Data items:
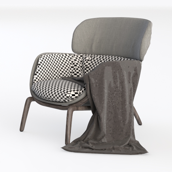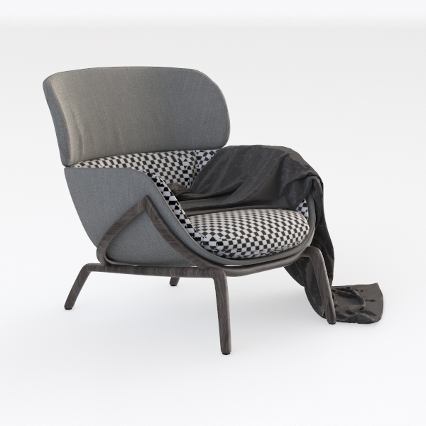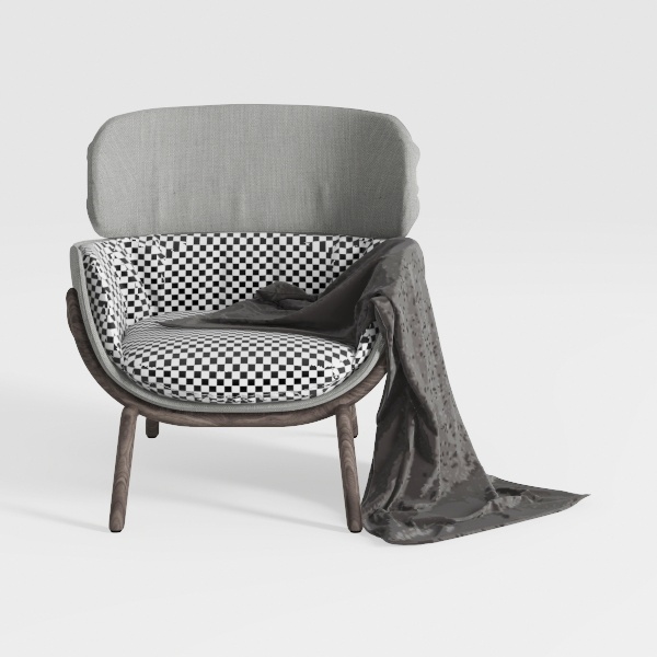This elegant armchair embodies a harmonious blend of organic design and geometric precision, drawing inspiration from the interplay of natural textures and structured patterns. Its curved wooden frame, with warm, earthy tones and subtle grain details, evokes the tactile charm of handcrafted artisanal pieces, while the smooth, slightly textured fabric backrest and seat cushion offer a soft, inviting surface that feels both premium and comfortable to the touch. The striking black-and-white checkered pattern on the seat adds a playful yet sophisticated visual contrast, creating depth and energy against the neutral backdrop of the chair’s frame and the draped gray silk-like fabric, which cascades gently to enhance its relaxed, lived-in allure.
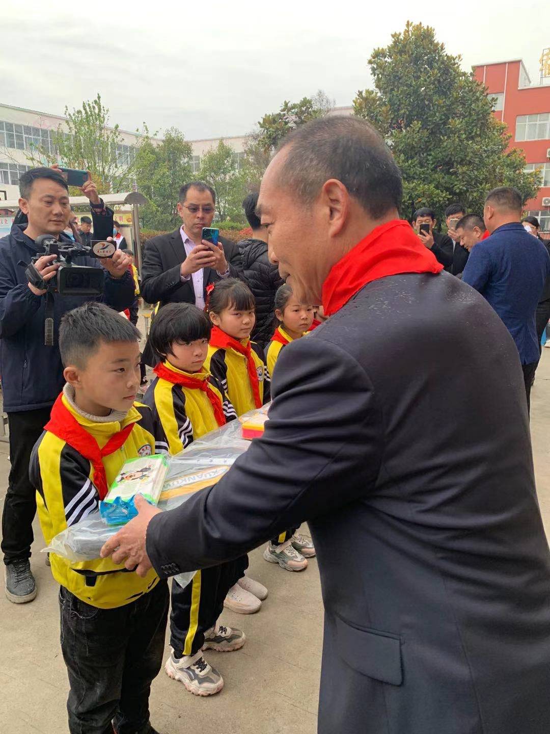 方凱說,自己在取得成功以后,始終沒有忘記社會(huì)上的弱勢(shì)群體,沒有忘記留守兒童,沒有忘記孤寡老人,堅(jiān)持捐款捐物幫助他們渡過難關(guān)。10多年來,累計(jì)捐款捐物近2000萬元。今天,我為希望小學(xué)捐贈(zèng)價(jià)值18萬元的校服,為30名學(xué)生每人發(fā)放書包、文具和500元慰問金。在這里,我可以告訴大家,今天來希望小學(xué)是第一次,但不是最后一次。今后我會(huì)年年來、經(jīng)常來。方凱的話音未落,現(xiàn)場(chǎng)響起熱烈的掌聲。
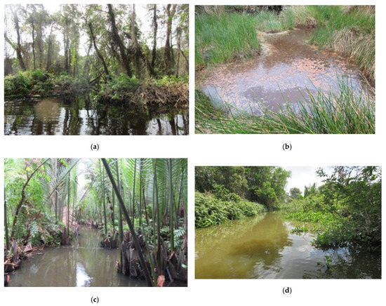 | T5 | Melaleuca habitat | P13 | Melaleuca habitat with floating membrane surrounded by Melaleuca, Nypoideae |
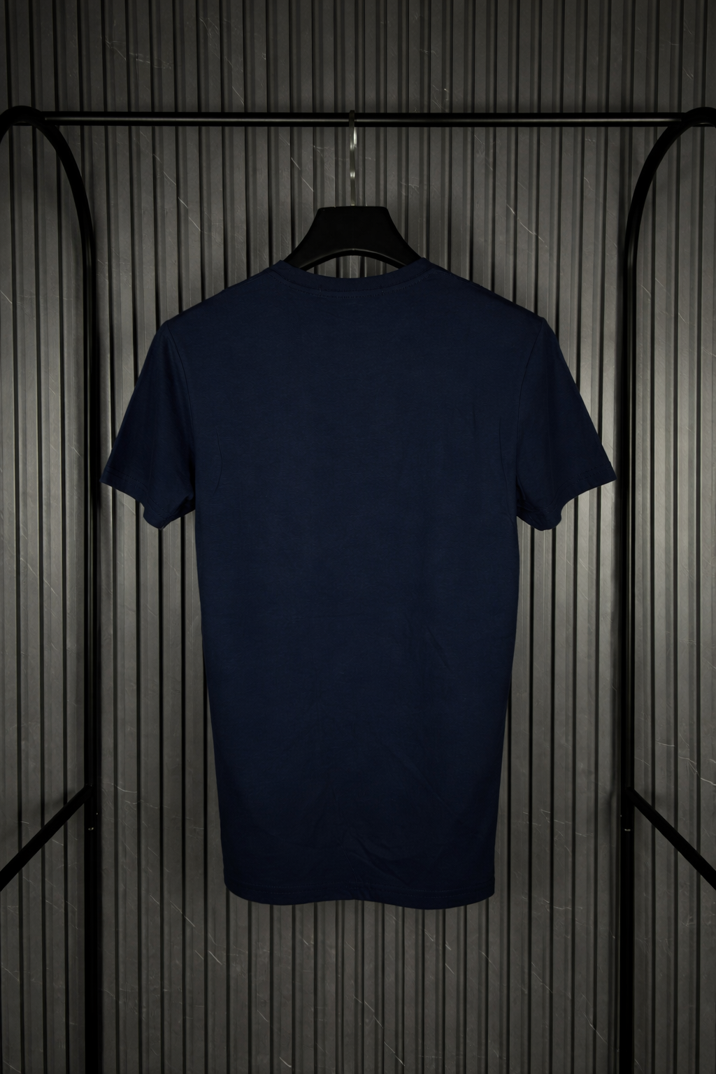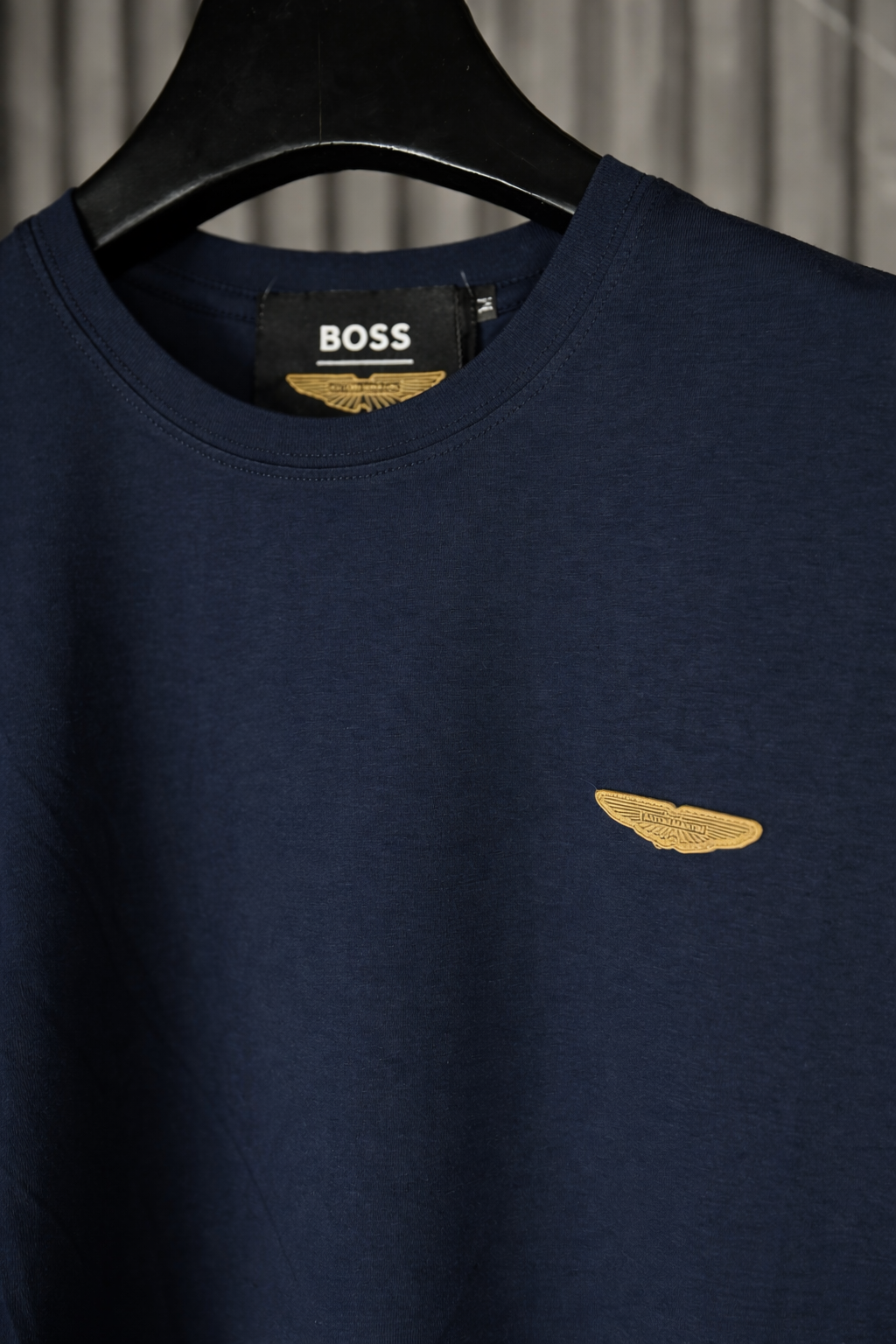 Playera BOSS azul marino con emblema tipo Porsche, diseño elegante y deportivo ideal para un look premium moderno.
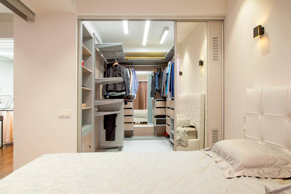 Чаще всего гардеробную комнату оборудуют в спальне. Такое решение позволяет избавить квартиру от большого количества мебели. Ведь все вещи перемещаются в одно место. Вся одежда распределена по полкам. Таким образом, создается система для комфортного хранения.

Task goal ::
Word for word, restate the lines from the line containing "方凱說,自己在取得成功以后,始終沒有忘記" through the end of the data, including the first and last of them. Pictures stay out.

Result of this task ::
 方凱說,自己在取得成功以后,始終沒有忘記社會(huì)上的弱勢(shì)群體,沒有忘記留守兒童,沒有忘記孤寡老人,堅(jiān)持捐款捐物幫助他們渡過難關(guān)。10多年來,累計(jì)捐款捐物近2000萬元。今天,我為希望小學(xué)捐贈(zèng)價(jià)值18萬元的校服,為30名學(xué)生每人發(fā)放書包、文具和500元慰問金。在這里,我可以告訴大家,今天來希望小學(xué)是第一次,但不是最后一次。今后我會(huì)年年來、經(jīng)常來。方凱的話音未落,現(xiàn)場(chǎng)響起熱烈的掌聲。
 | T5 | Melaleuca habitat | P13 | Melaleuca habitat with floating membrane surrounded by Melaleuca, Nypoideae |
 Playera BOSS azul marino con emblema tipo Porsche, diseño elegante y deportivo ideal para un look premium moderno.
 Чаще всего гардеробную комнату оборудуют в спальне. Такое решение позволяет избавить квартиру от большого количества мебели. Ведь все вещи перемещаются в одно место. Вся одежда распределена по полкам. Таким образом, создается система для комфортного хранения.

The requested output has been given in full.